There was a coincidental, but important, thread running through the articles in this week’s issue of Computer Weekly magazine. Take a look: Barclays encrypting software applications; the EU boosting its cyber defences; the debate over security in the cloud; and the challenge of tackling phishing.
It is entirely by coincidence that so many security-related stories have made it into this issue – and equally timely as the world witnesses what has been called the first ever cyber weapon attack, the Stuxnet worm.
According to virus experts, Stuxnet is the most sophisticated malware yet created, targeting industrial control systems in a way that genuinely raises the prospect of a Hollywood movie-style covert attack on a strategic facility. The worm has the potential to alter equipment settings such as temperature controls. It has been suggested that Iran’s nuclear processing plant is a possible target, and now it seems Stuxnet has reached China.
If those experts are correct, Stuxnet represents a serious escalation in the fight against cybercrime. It has been suggested that the virus required significant financial and technical resources to create – on a scale only available to governments or major international organised crime groups.

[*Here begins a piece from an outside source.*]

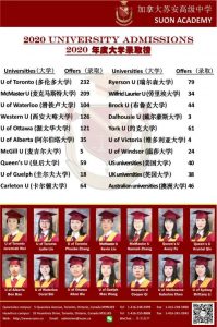与中国高考填报志愿及调档不同的是,学生可以无限制同时申报多所加拿大大学的多个专业;为了争夺优质生源,各个大学也会想尽办法吸引学生眼球,尽可能获得更多学生的申报。由于苏安高中在多伦多的影响力,每年包含多大在内的加拿大几十所大学都会来到苏安举行招生专题讲座,以吸引苏安的优秀生源。2020届苏安毕业班平均每人获8.3份offer!早在国内学生还在为高考做冲刺时,苏安学子们却面临着幸福的烦恼——到底该接受多伦多大学的录取邀请,还是去滑铁卢大学呢?

If it all sounds a bit apocalyptic, then it is also easy to be cynical and point to cyber-scaremongering from the security software industry who can only benefit from such heightened fears.
Nonetheless, the threat is being taken very seriously – a US cyber security chief has even suggested in the past that the next international war will be in cyberspace.
For IT leaders, security is of course a top priority, an ever-present in strategic planning. It is unlikely that situation will change.
But what the emergence of new threats such as Stuxnet means is that information security cannot be seen as an IT issue – it has to be taken as seriously by the CEO as by the CIO. IT security is not an insurance policy, it is a strategic prerequisite for every modern internet-enabled organisation.